Many data professionals are wondering about the difference between the Data Lake and the Data Warehouse. Some do not understand the meaning or the use of these two notions in the storage of data in Big Data. In this column, we will define the Data Warehouse, the Data Lake. Then we will show the position of each of these notions in the data valuation chain and finally we will present the notable differences between them so that you are able to identify Data Lake or Data Warehouse, the strategy which is more appropriate. for your Big Data project.
In essence, the activity of a company is multi-process. In other words, to achieve its management objective, the company needs to divide its main activity into several business processes, for example, the purchasing process, the sales process, the operating process, the human resources and many more. Each of these processes generates operational data which is most often captured either from a specialized application such as an ERP (Enterprise Resource Planning) such as Oracle, SAP, PeopleSoft, or through Excel spreadsheets (or flat files, csv, etc.). This results in a “data siloing” which prevents management from having a global vision of the company’s activity: the finance application captures finance data, the logistics application captures data generated by the Logistics process, the HR application captures the data generated by HR etc. As these applications are distinct, specific to each business process, the company ends up with several different databases.
The Data Warehouse: the central data collection point
The Data Warehouse is the first solution for integrating data from these different applications (or databases). Integration is an IT strategy that consists of transferring all the data produced by applications into a single directory so that the users and other company systems can access it. To put it simply, integrating applications means homogenizing and providing a unified view of the data they possess. As simple as this solution seems, it poses two major problems: first, integrating the data that comes from different applications is very complex, because a very strong coupling translated by point-to-point connections exists between these different applications. The applications are not completely independent, they are interfaced to exploit each other’s data as shown in the following figure.
Second, the integration of these applications requires making them all compatible with a large number of APIs or exchange formats, which is not always possible since the applications are often proprietary and therefore compatible with specific APIs. Beyond the problem of data silos, there is also the governance aspect of this data. Indeed, with the multiple uses that are made of data by users, come higher stakes, in particular security, legal, integration and compliance issues, both for the company and for the individual. We hear every day in the press or on the Internet of cases of companies having suffered the hacking of their computer system or their data due to a careless error of the employees.
Faced with these risks, companies need to control and control the use of data both inside and outside the company. This therefore requires defining data quality policies, data security policies, data acquisition policies, data compliance policies with current legislation (Sarbanes Oxley, Patriot Act, CNIL, GDPR, etc. ) and ensure data is used according to company policies and guidelines. Governance therefore necessarily implies the elimination of data silos in the organization, and a unified and homogeneous view of all the company’s data. It would therefore be necessary to leave the diagram of figure 1 for the diagram of the figure below.

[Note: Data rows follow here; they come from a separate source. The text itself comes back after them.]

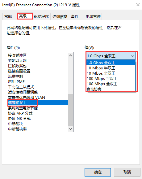 在链接速度中,可以看到目前的链接状态是多大速度,可在下拉菜单中查找链接选项,务必确保链接速度为1.0Gbps 全双工,如果没有这个选项,说明网卡不支持千兆以太网。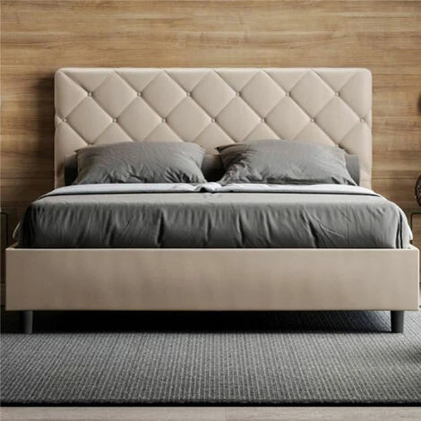 Infine la testata è decorata con bottoni ed una fantasia a rombi, ed ha uno spessore di 11 cm. Letto matrimoniale con contenitore 100% Made in Italy, realizzato con materiali e design esclusivamente italiani. Compreso di rete e contenitore.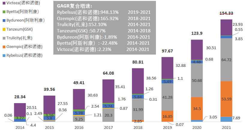 凭借显著的疗效,GLP-1 得到了市场的广泛认可,在糖尿病药物中的占比逐步提高,在美国市场上成为仅次于胰岛素及类似物的第二大糖尿病药物。如今,全球共有8款GLP-1激动剂降糖药上市,分别是艾塞那肽、利拉鲁肽、利司那肽、 阿必鲁肽、度拉糖肽、贝那鲁肽、司美格鲁肽、洛塞那肽;2021年GLP-1激动剂全球销售收入超过150亿美金。
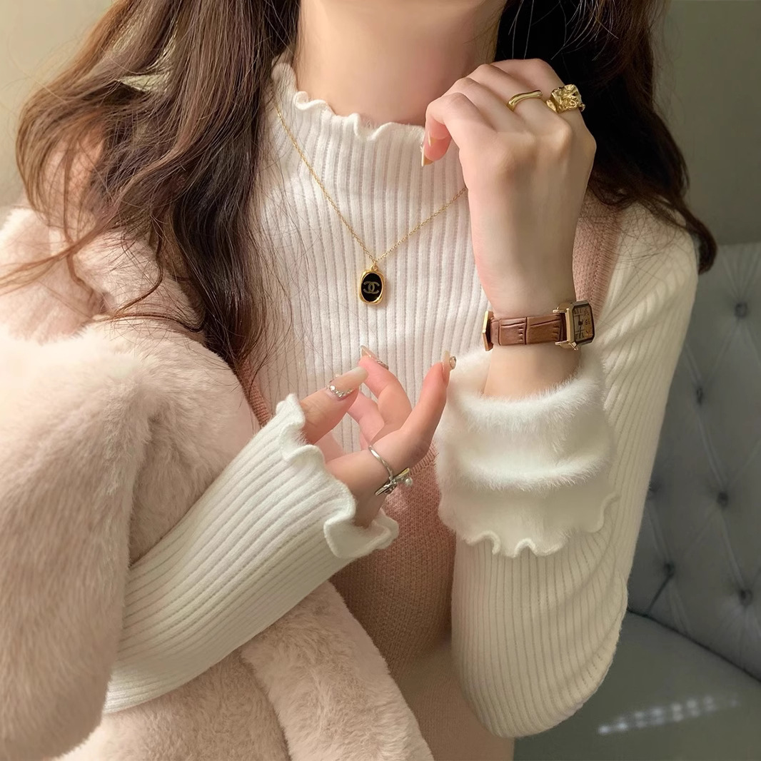 ベルベットの厚い一体ベルベットのニットシャツの女性の木の耳元の半高襟のセーター秋の冬の長袖の中にセーターを着る
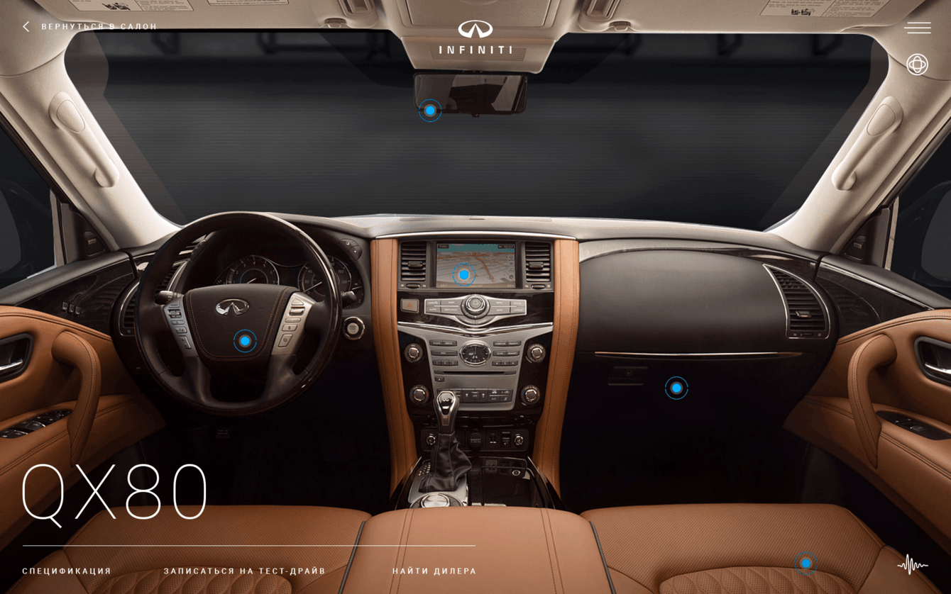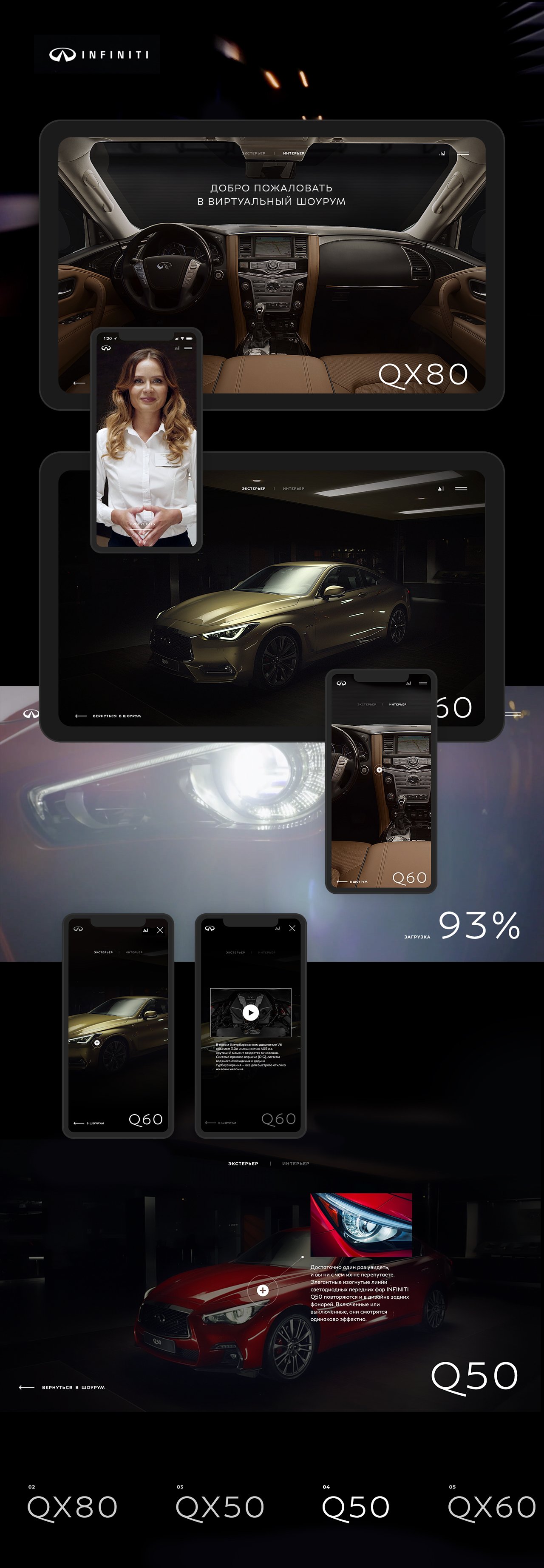 Клиент хотел создать онлайн-шоурум бренда Infiniti для представления своих премиальных автомобилей в интернете.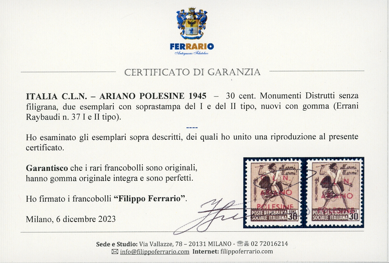 ARIANO POLESINE 1945 - 30 cent. Monumenti Distrutti senza filigrana, due esemplari con soprastampa del I e del II tipo (Errani Raybaudi 37 I e II tipo), nuovi, gomma originale integra, perfetti. Rari, tiratura 35 esemplari per tipo. Cert. Raybaudi e Ferrario.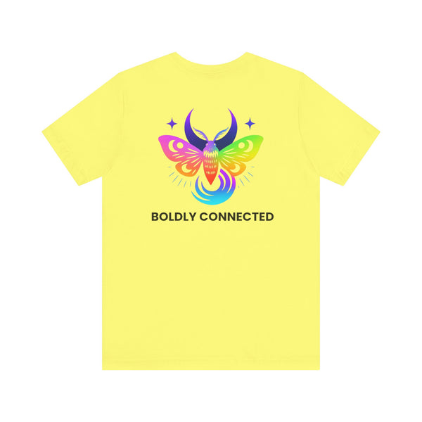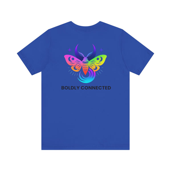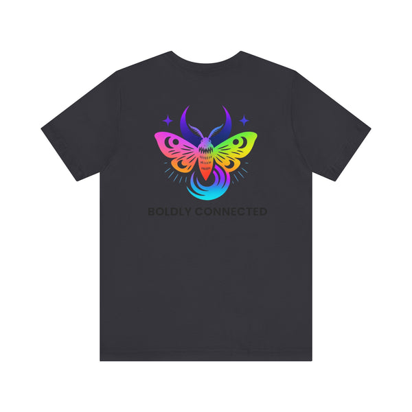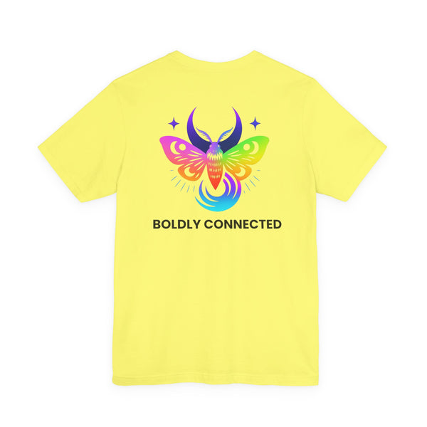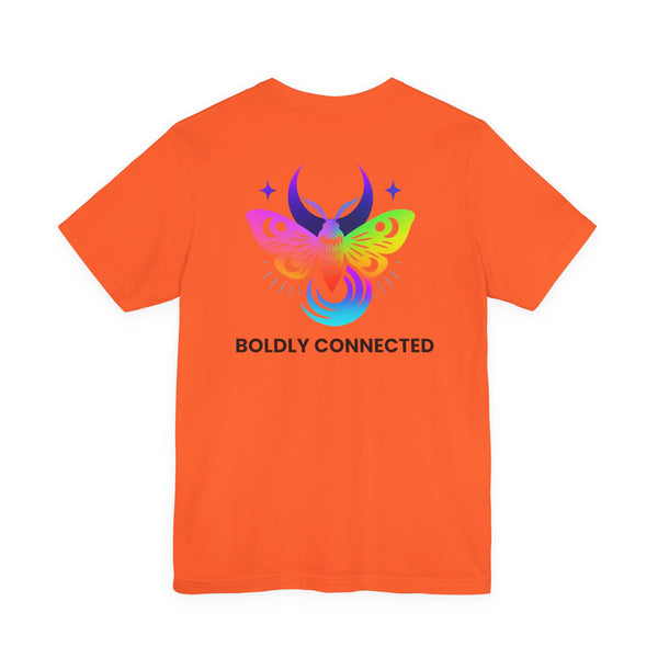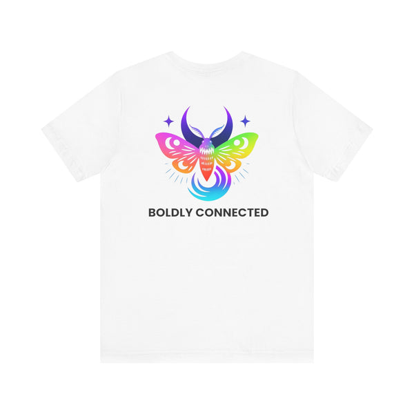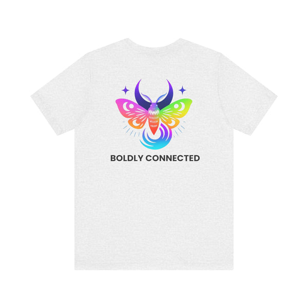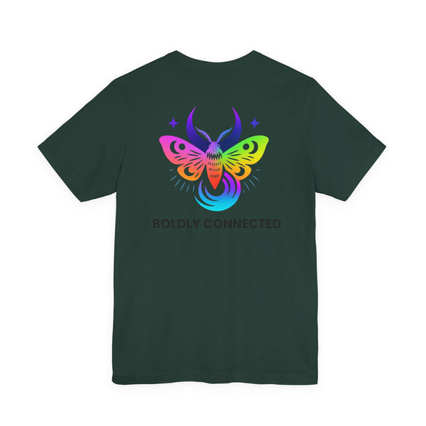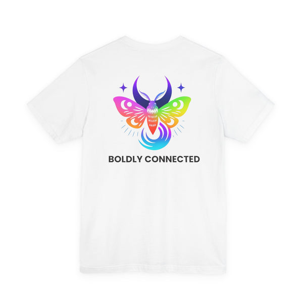 - Back print: “Boldly Connected” with radiant moth artwork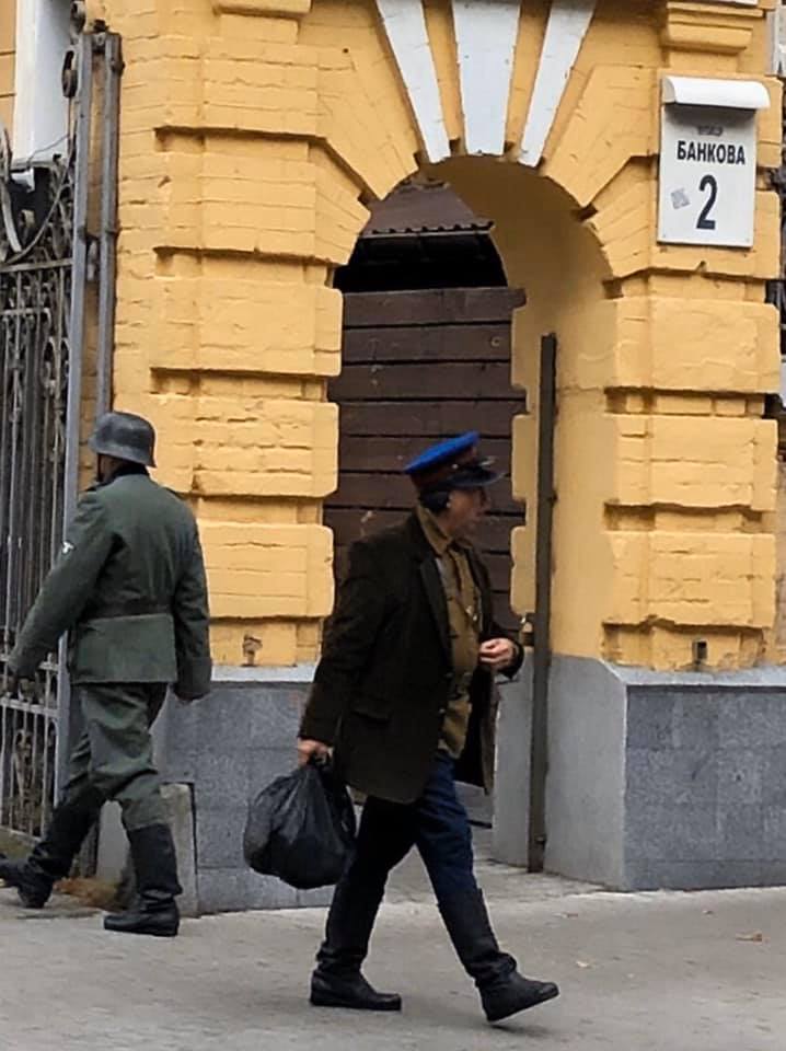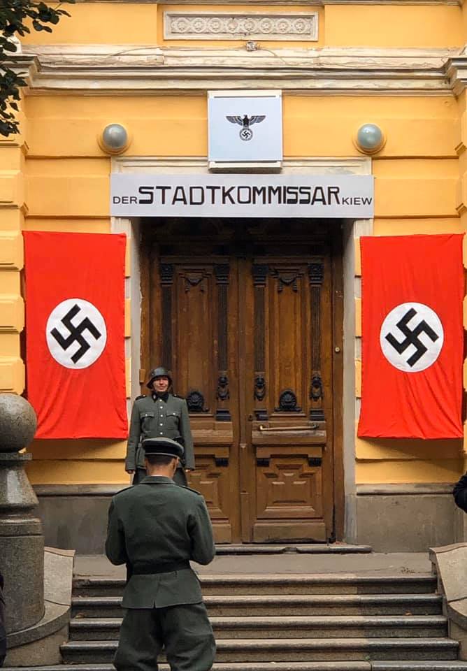 Как выяснилось, нацистская символика оказалась декорациями, а на банковой снимают художественный фильм о фашистской оккупации Киева в период Второй Мировой войны.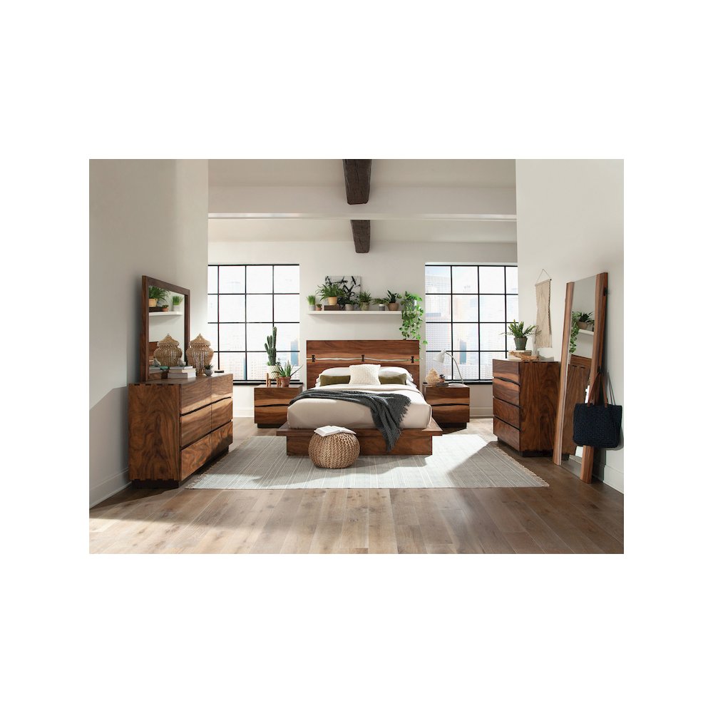 This expertly fashioned five-piece bedroom set offers durability and style suited for any master bedroom. Each piece comes with a smokey walnut finish with contrasting wood grain accents that is both modern and timeless. The eastern king bed has a platform design for the mattress and a two-piece headboard with a stylishly full-length opening. The nightstand, chest, and dresser have deep, spacious drawers to handle all your storage needs. A dresser mirror completes the collection for a set that's everything a master bedroom needs.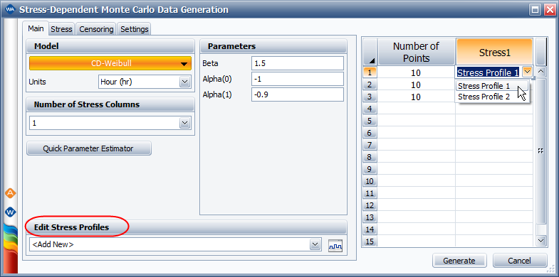 Use the data sheet on the right side of the setup window to specify the stress levels and the number of data points to generate for each stress level.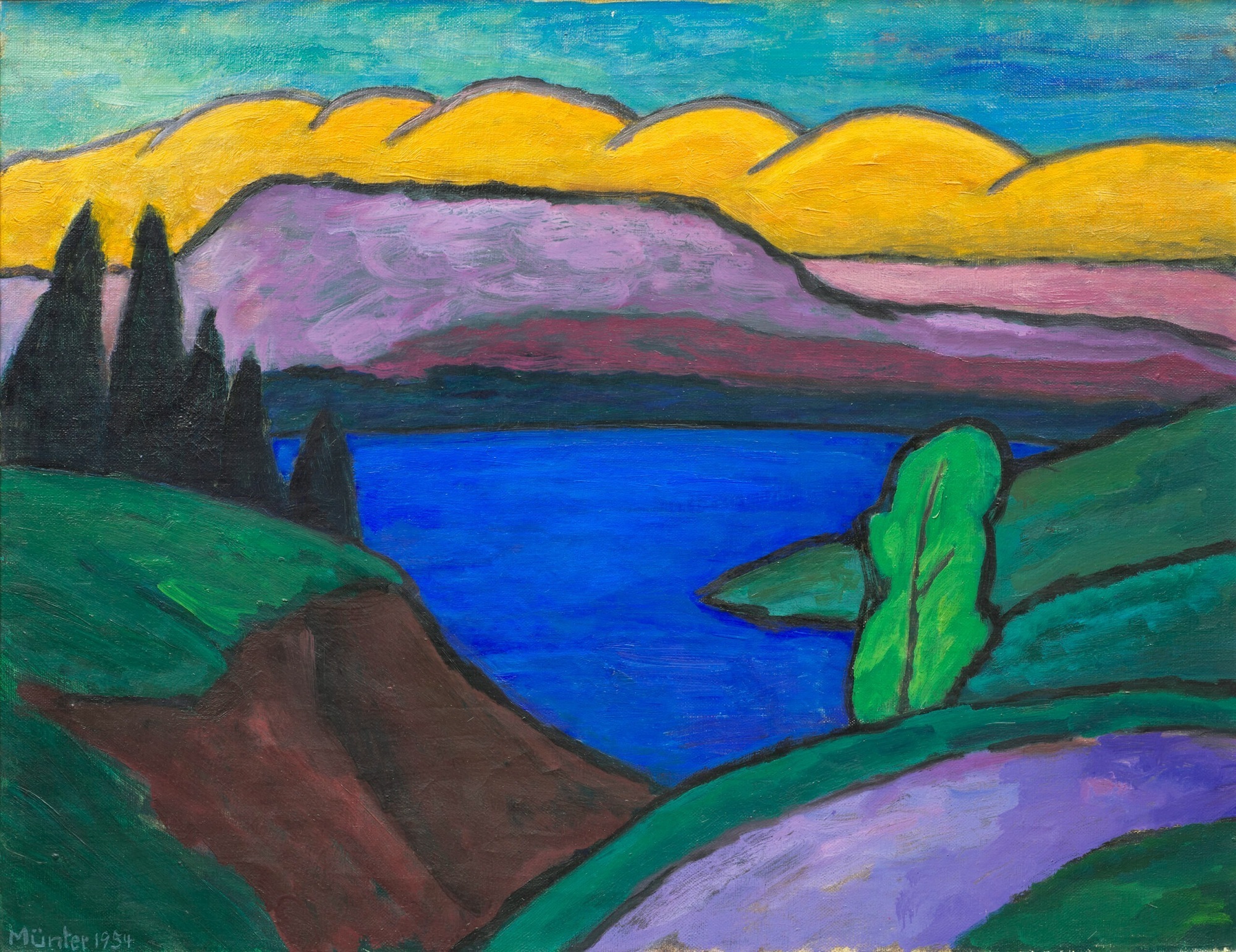 《蓝色的湖》(The Blue Lake),Gabriele Münter,1954年,布面油画

All applications store their data in a single directory where this data is homogenized, which allows all applications to have access to it. This directory also allows other systems in the company to be able to use all the data they need without having to resort to the application that created it.
From then on, the Data Warehouse acts as a central repository and as a framework for standardizing all the company’s data. Its goal is to provide a unified and homogeneous vision of all the data of the company. It centralizes all the company’s operational data in an RDBMS and organizes it into business subjects, which are made available to the corresponding business users. Business topics are made available to the corresponding business users. For example, the finance subject groups all finance-related data, which is then made available to financial analysts.
Formally, the Data Warehouse, as a concept, was invented in 1980 by Bill Inmon. This formally defines it as: “a collection of subject-oriented, integrated, constant-variance and non-volatile data used for strategic decision-making”:
- A data collection: i.e. a central integration point for all the company’s operational data contained in the operational applications (ERP, business applications, Excel spreadsheets, CRM, SCM, flat files, csv, etc). This central point does not necessarily refer to the centralization of data in a specific physical location or in a specific physical machine, the idea is to succeed in unifying and connecting all the data of a company using a common repository;
- Subject-oriented: the data stored in the Data Warehouse is not grouped according to the needs of business processes, but according to subjects, for example a subject of customer, salesperson, production, locality, etc.;
- Integrated: since data comes from different sources or systems, and is therefore often structured and coded in different ways, the Data Warehouse integrates them to provide a uniform, consistent and transparent representation;
- At constant variance: the Data Warehouse stores data in the form of history and thus introduces the notion of time into data storage;
- Non-volatile: data serialized in the Data Warehouse is read-only, it cannot be modified or changed. The only possible operation in the Data Warehouse is adding data;
- Used for strategic decision-making: The Data Warehouse, with this storage approach, serves as the foundation for data analysis and effective decision-making. It helps answer strategic questions like, “What are the best-selling products in each region, and how do demographics impact those sales results?” What is the turnover achieved by product line in the previous three quarters? What explains the decline in turnover over the previous quarter? »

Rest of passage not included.